Cinta Itu Kasih

Cinta Itu Kasih
Episode 72 Hukuman


__ADS_3

Berjalan mondar-mandir dengan gelisah Kasih berusaha mencari sebuah cara untuk keluar dari kamar yang memisahkan dirinya dari dunia luar.


“Pria gila sialan! Entah apa salah dan dosaku bertemu dengan pria labil sepertinya dirinya. Bukan hanya kejam dan suka seenaknya tapi dia juga sangat menjengkelkan! Aku tidak boleh terus berada disini. Tidak. Tidak boleh. Aku harus segera menemukan cara keluar dari sini.”


Tepat saat itu juga Wendy mengetuk pintu kamarnya. “Nyonya, saya membawa makanan untuk anda.” Wendy membuka pintu kamar dan masuk dengan membawakan satu nampan penuh berisi makanan. Wendy sangat paham jika Nyonyanya itu begitu menyukai cemilan. Maka ia membawanya sedikit lebih banyak.


“Ini makanan anda, Nyonya. Saya membawakan kesukaan anda.” Nampan makanan itu terlihat sangat menggugah selera akan tetapi Kasih sama sekali sedang tidak berselera untuk makan. Kepalanya penuh dengan rencana untuk kabur.
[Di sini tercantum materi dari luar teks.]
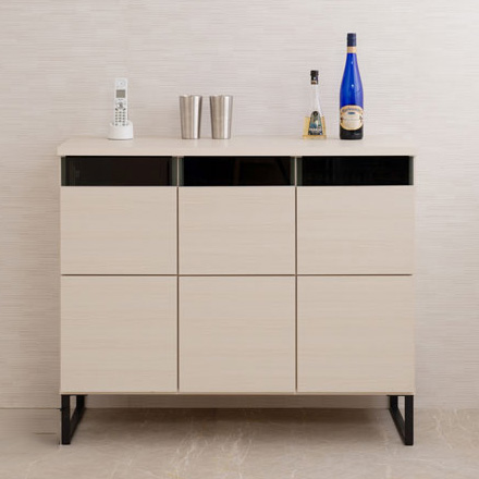 ■商品について/モノトーンカラーで仕上げたスクエアキャビネットはスチール脚との融合で存在感ありながらも軽やかでスタイリッシュな印象。細脚からどっしりとしたボディで完成されたスクエア感は直線的でリビングや壁面に溶け込み一体感が生まれるデザイン。扉・引出しというシンプルな構成でありながら収納力は十分。上部にブラックガラスのラインを入れることでメリハリ感、異素材の存在感でリビング空間をカッコよく演出します。ソリッドブラックな脚部やガラス、上品な木目の効いた表面材が絶妙なバランス。全て取っ手を排除し、デザインを損なわず開閉できる高度なプッシュ式を採用。脚部は外側にしたり内側にしたりとチェンジできます。■商品の仕様/前板・天板・ブラック内張り:強化プリント紙化粧繊維板、その他:プリント紙化粧繊維板、脚部:スチール、強化ガラス■商品サイズ/本体:(約)幅106×奥行43×高さ89.5(脚15含む)cm■扉内寸/(約)幅29×奥行38.5×高さ34cm■耐荷重量/天板:(約)20kg、収納棚:(約)10kg■商品重量:(約)29kg■日本製■完成品(脚部のみ取り付け)
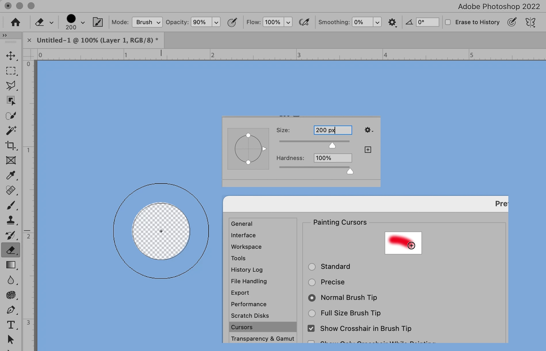 Eraser tool not erasing everything in selected cursor size??
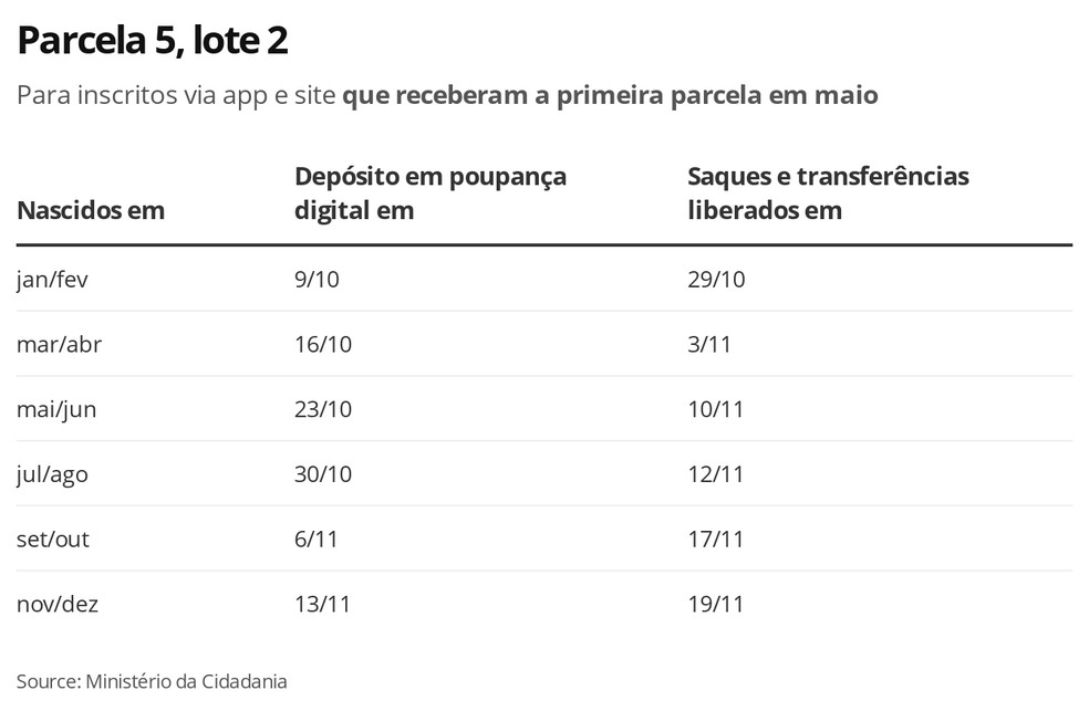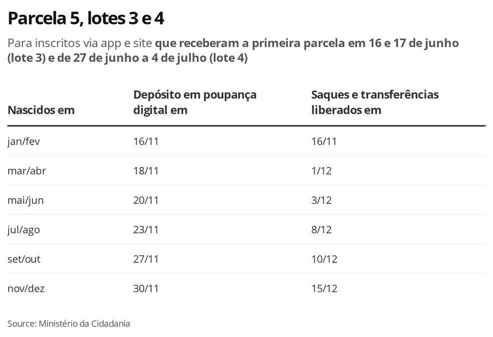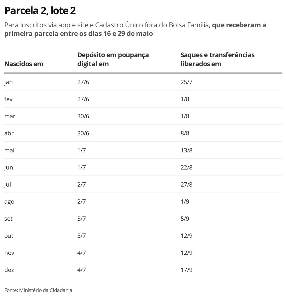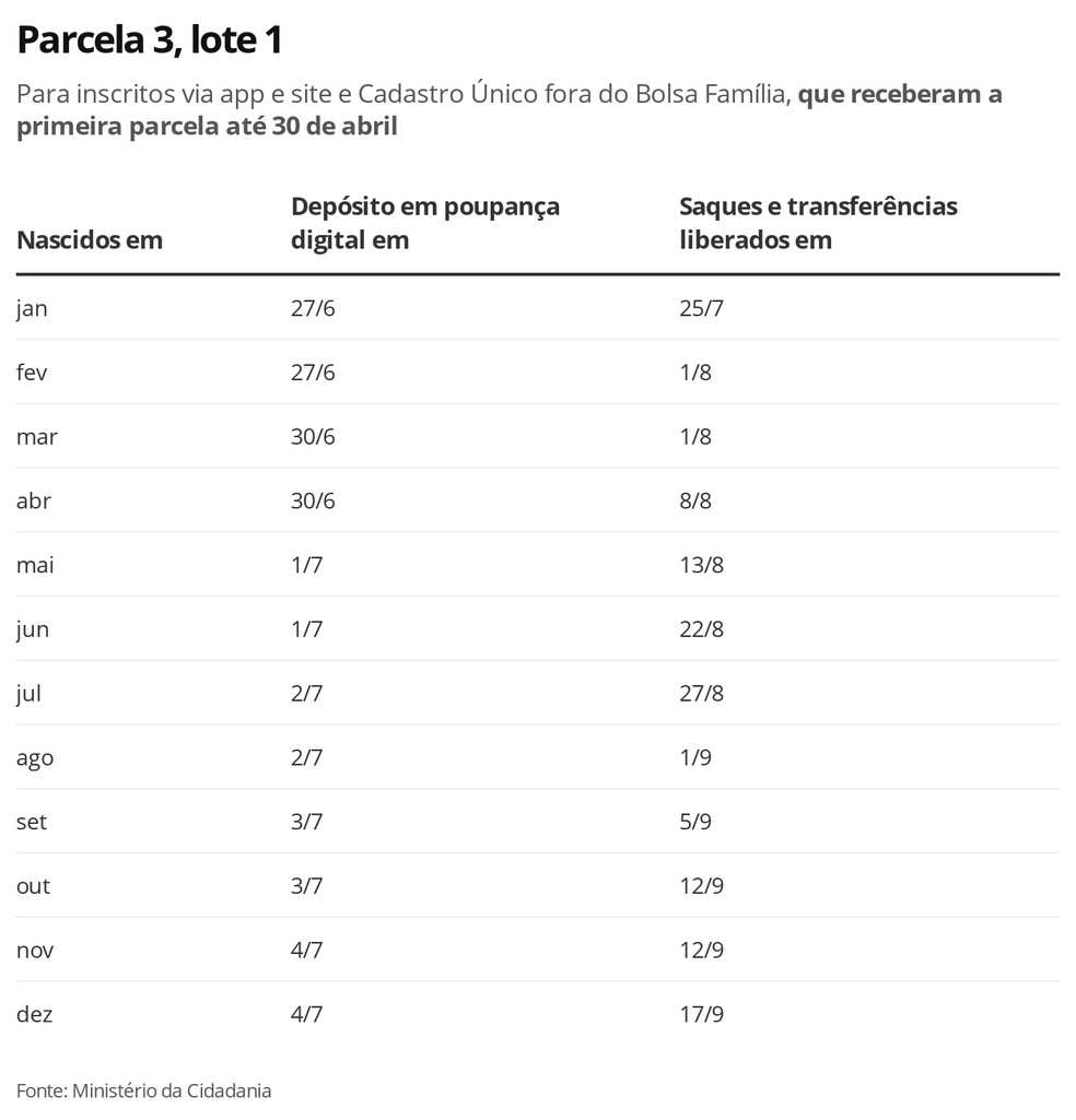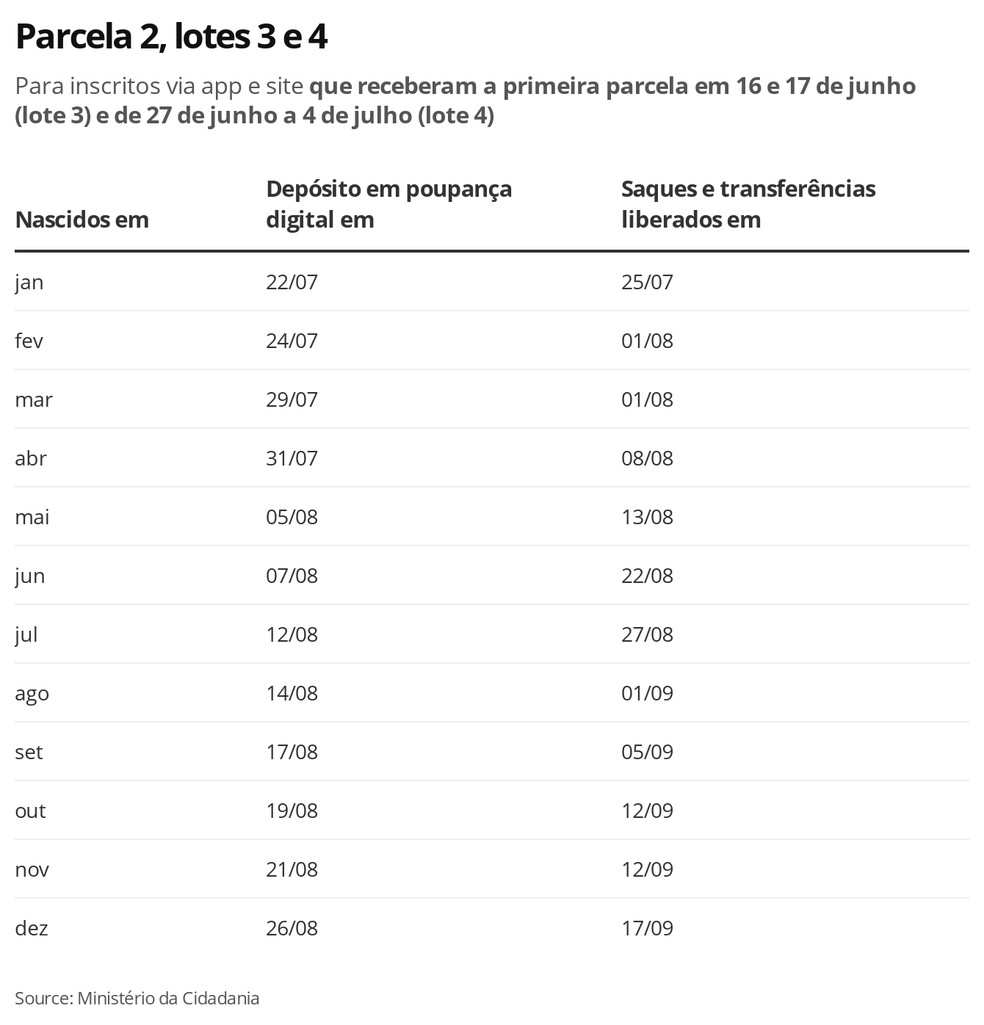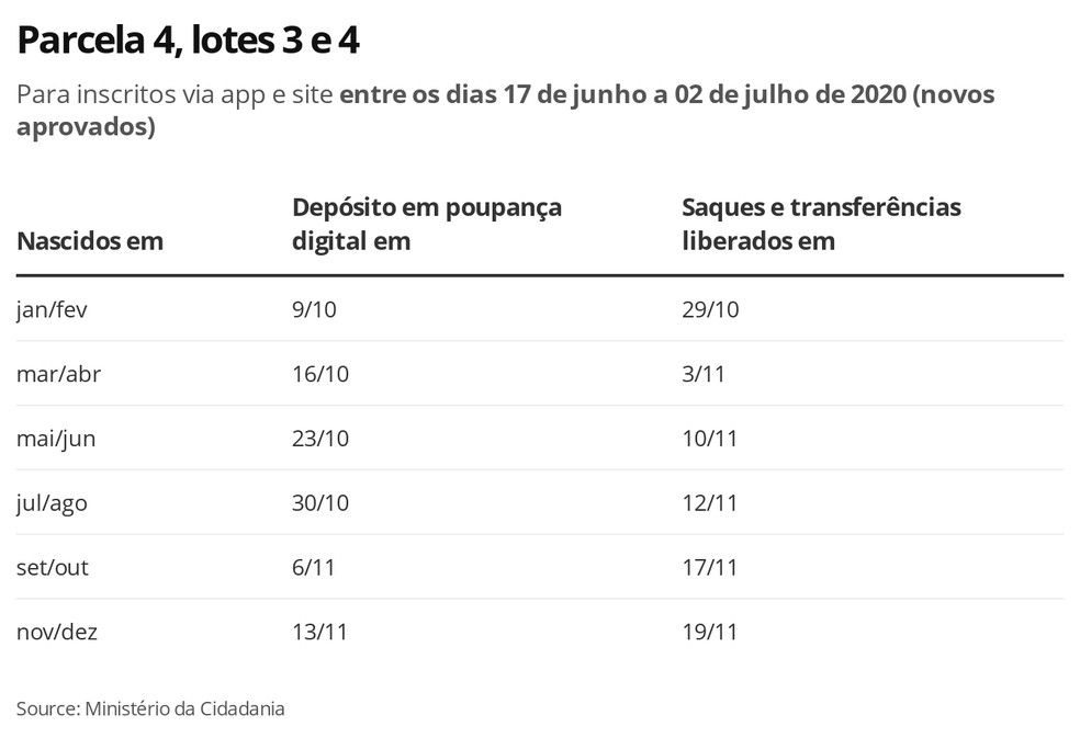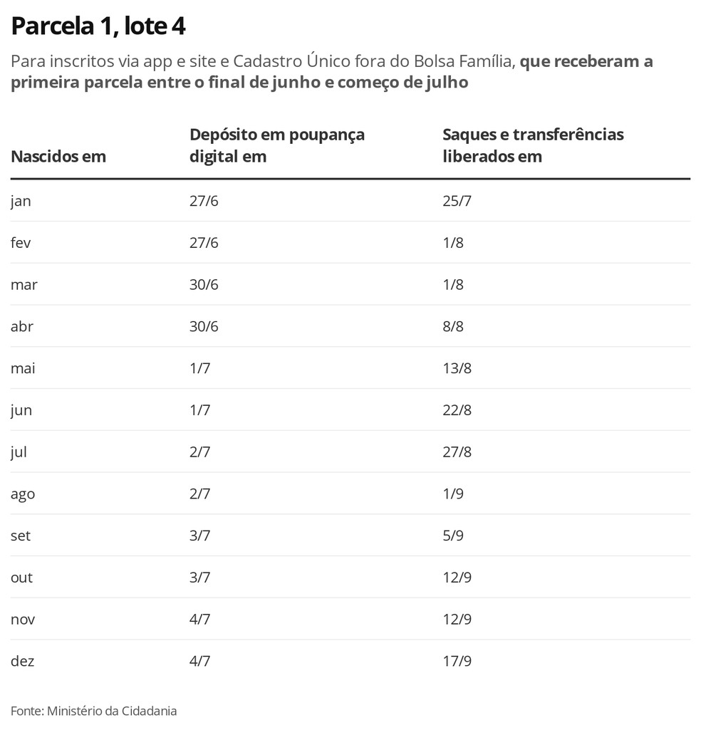 Para os demais beneficiários do Auxílio Emergencial, a quarta parcela começa a ser paga na quarta-feira, 22. A data é para aqueles que estavam no Cadastro Único e para os inscritos por meio do aplicativo e do site que receberam a primeira parcela até 30 de abril. Os demais aprovados também recebem a partir de 22 de julho, o que inclui os aprovados no segundo lote recebem a terceira parcela; aprovados no terceiro e quarto lotes recebem a segunda; e novos aprovados vão receber o primeiro pagamento.

“Anda harus makan sesuatu, Nyonya. Anda akan sakit jika perut anda kosong. Makanlah. Ini sangat enak.”


“Aku tidak ingin makan. Kau bawa saja itu pergi.”


“Kumohon jangan begini, Nyonya. Kasihanilah kami. Anda tentu tau seperti apa Tuan jika ia sudah murka, Nyonya. Kami tidak mau hal itu sampai terjadi,” tutur Wendy menjelaskan.


Kasih menatap wajah Wendy kemudian beralih menatap kearah yang lain dengan tatapan kosong air mukanya tampak menyimpan kesedihan yang amat mendalam. Wendy sempat tertegun melihat perubahan Nyonya mudanya yang malang, ia turut merasakan kesedihan yang dirasakan oleh Kasih namun ia sendiri tidak dapat berbuat apa-apa untuk membantu.


“Sungguh tragis, bukan?” ucap Kasih tiba-tiba masih dengan tatapan kosongnya.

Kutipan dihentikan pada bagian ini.